Visitors often comment about the tranquility and beauty of the seventeenth-century style house and the surrounding garden at Shofuso. A question I have heard a lot is: “How did all of this wind up here in Fairmount Park?

I think the answer is pretty interesting and a new grant-funded program at Shofuso is teaching teenagers about this unique history as well as giving them an opportunity to roll up their sleeves and actually dig for it.

In a nutshell, the house was part of an architectural exhibition at MOMA from 1954 to 1955. When the exhibition ended, it was given to Philadelphia. But why Philadelphia?
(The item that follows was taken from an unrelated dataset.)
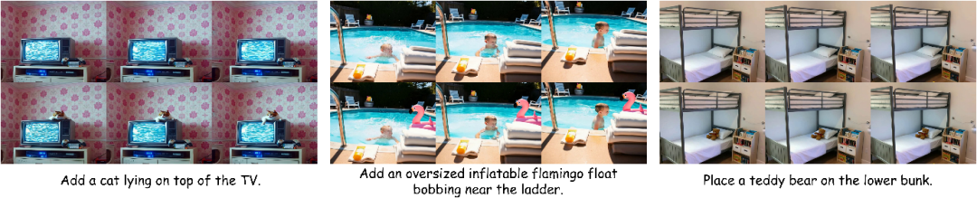 定性分析:从可视化结果中可以观察到LoVoRA在复杂场景下对对象的精准定位与自然编辑能力。对于移除任务,LoVoRA能够干净地擦除目标对象,几乎不留残影或结构性破坏,同时完整保留原有的纹理、光照与背景几何;

In 1876, the Centennial Exposition took place in Fairmount Park with over 10 million visitors in attendance. Countries from around the globe, including Japan, built structures to showcase their arts and innovations. Japan had been effectively closed to the outside world for the preceding 200 years under the Tokugawa shogunate and had recently reopened prior to the Centennial. Their contribution to the Centennial Exposition included an exhibition hall, a residence for dignitaries, and a bazaar.

After the exposition ended, most of the structures were broken down for parts, sold, or relocated. The whereabouts of some buildings is not known. In an area behind where Shofuso sits today, the Japanese Bazaar was located in 1876. The bazaar sold Japanese pottery, fans, toys, and other items to daily visitors hungry for something from a country they knew little about.

Fast forward to today and an archaeological excavation began last summer by AECOM of Burlington County, NJ to find the footprint of the bazaar and artifacts. Pieces of roof tile, pottery, and ceramic sculpture from the bazaar were uncovered.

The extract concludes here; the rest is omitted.